§ 618. — Timber contract payment modification.
[Laws in effect as of January 24, 2002]
[Document not affected by Public Laws enacted between
January 24, 2002 and December 19, 2002]
[CITE: 16USC618]
TITLE 16--CONSERVATION
CHAPTER 4--PROTECTION OF TIMBER, AND DEPREDATIONS
Sec. 618. Timber contract payment modification
(a) Statement of purpose, authorization, scope, qualifications,
financial requirements, etc., for buy-out
(1) Notwithstanding any other provisions of law, in order to retain
jobs, to preserve free competition, to utilize the potential productive
capacity of plants, to preserve small communities dependent on a single
economic sector to assure an open and competitive market for future
sales of Government timber, and to lessen the impact of unemployment,
the Secretary of Agriculture for national forest lands and the Secretary
of the Interior for public lands under their respective jurisdictions
are authorized and directed to permit a requesting purchaser to return
to the Government a volume of the purchaser's timber contracts as
determined under paragraph (2) upon payment of a buy-out charge from
such purchaser in an amount as determined under paragraph (3). The
purchaser shall be released from further obligation to cut, remove, and
pay for timber under such contract upon payment, or arrangement for
payment as provided under paragraph (3)(E), of such buy-out charge and
completion of any obligation required pursuant to paragraph (4)(B). The
Government does not hereby surrender any other claim against a purchaser
which arose under a contract prior to effectuation of this release and
not in connection with this release from obligation to cut, harvest and
pay for timber.
(2)(A) To qualify for buy-out under this section, a timber sales
contract must have been bid prior to January 1, 1982, for an original
contract period of 10 years or less, and be held as of June 1, 1984:
Provided, That any such contract that was defaulted after January 1,
1981 may qualify for buy-out under this section so long as (i)

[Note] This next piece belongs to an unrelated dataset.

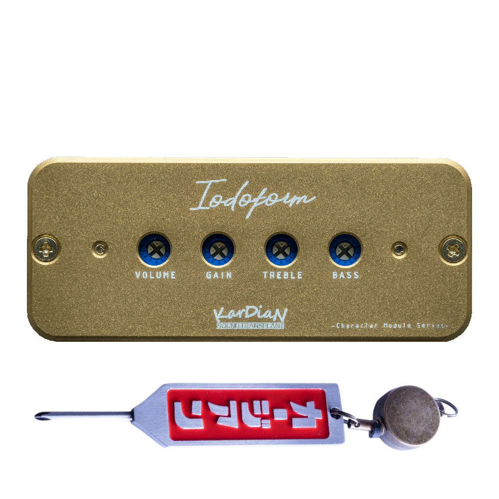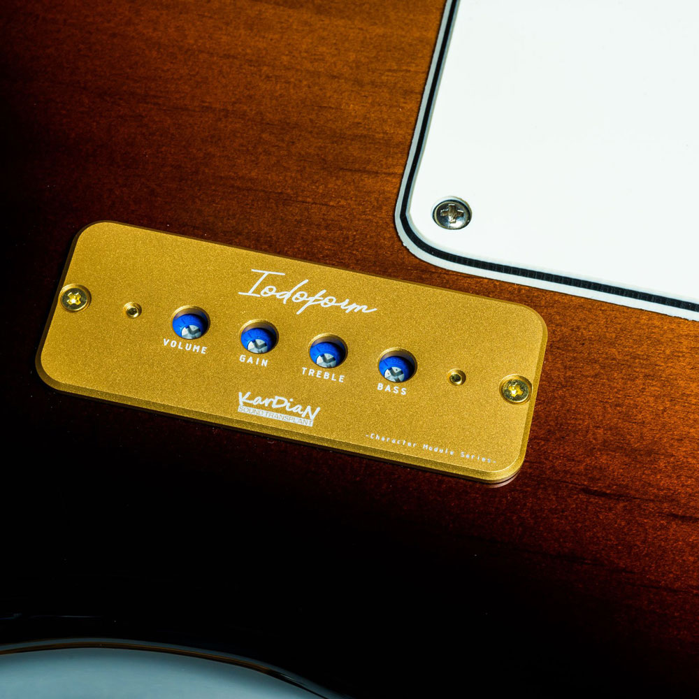 "Iodoform / ヨードホルム"はオンボードプリアンプとは異なります。プリアンプとして音の増幅、味付けをおこなうのではなく、ギター本来のサウンドやトーンをキャラクターレベルでアクティブに変化させるという視点から開発がスタートしました。
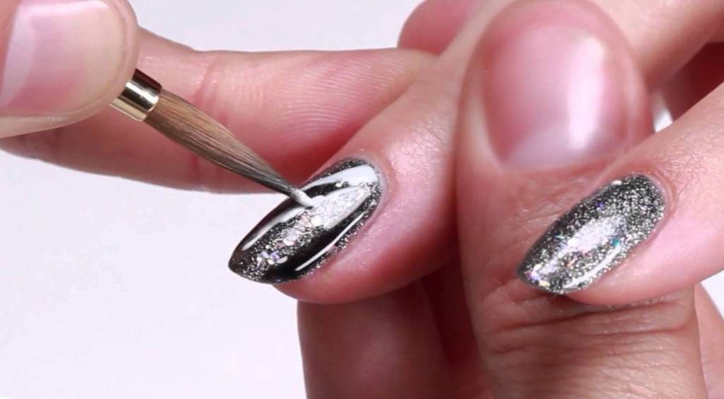 Важно, чтобы поверх гель-лака наносилось топовое покрытие без липкого слоя. В противном случае при втирании пудры не получится блестящего эффекта

settlement for damages has not been reached between the purchaser and
the United States; and (ii) the purchaser's loss on all of its
qualifying timber sales contracts, as determined in paragraph (3)(A), is
in excess of 50 per centum of the net book worth of the purchaser. A
contract is qualified for buy-out notwithstanding the fact that it was
reformed after October 1, 1983, pursuant to Bureau of Land Management
Instructional Memorandum 83-743 or is included in a Forest Service
multisale plan pursuant to the President's program of July 28, 1983.
(B) A purchaser holding more than twenty-seven million three hundred
thousand board feet of net merchantable sawtimber as of January 1, 1982,
in qualifying contracts as provided in subparagraph (A) shall be
entitled to buy out up to 55 per centum of such timber volume up to a
maximum of two hundred million board feet.
(C) A purchaser holding twenty-seven million three hundred thousand
or less board feet of net merchantable sawtimber as of January 1, 1982,
in qualifying contracts as provided in subparagraph (A) shall be
entitled to buy out up to fifteen million board feet of such timber
volume or one contract, whichever is greater in volume.
(D) So long as the volume limitation of two hundred million board
feet is not exceeded, the percentage limitation of subparagraph (B) or
the volume limitation of subparagraph (C) may be exceeded by a volume
amount not to exceed the volume of the smallest volume contract bought
out by the purchaser if the purchaser could not otherwise attain his
percentage or volume entitlement.
(E) Timber returned to the Government pursuant to this subsection
shall be available for resale by the Government upon payment, or
arrangement for payment, of the buy-out charge and completion of
obligations, if any, under paragraph (4)(B).
(3)(A) Sums collected by the appropriate Secretary in connection
with the buy-out of contracts pursuant to this subsection shall be
deposited in and paid from the Treasury in the same manner as moneys
received from timber sales from such lands and shall be determined as
follows: The purchaser's loss on any qualifying timber sales contracts
shall be determined by the Forest Service or the Bureau of Land
Management by subtracting the current delivered log value (as determined
by such agency) from the delivered log cost based on the current
contract return (as determined by such agency) of any such contracts. If
such loss is--
(i) in excess of 100 per centum of the net book worth of the
purchaser, the buy-out cost shall be $10 per one thousand board feet
of currently held volume bought out;
(ii) in excess of 50 per centum up to 100 per centum of the net
book worth of the purchaser, the buy-out cost shall be 10 per centum
of the contract overbid but at least $10 per one thousand board feet
of currently held volume bought out; or
(iii) up to 50 per centum or less of the net book worth of the
purchaser, the buy-out cost shall be 15 per centum for the
purchaser's first one hundred twenty-five million board feet, 20 per
centum for additional board feet above one hundred twenty-five
million up to one hundred fifty million, 25 per centum for
additional board feet above one hundred fifty million up to one
hundred seventy-five million, and 30 per centum for additional board
feet above one hundred seventy-five million up to two hundred
million, of the contract overbid but at least $10 per one thousand
board feet of currently held volume bought out.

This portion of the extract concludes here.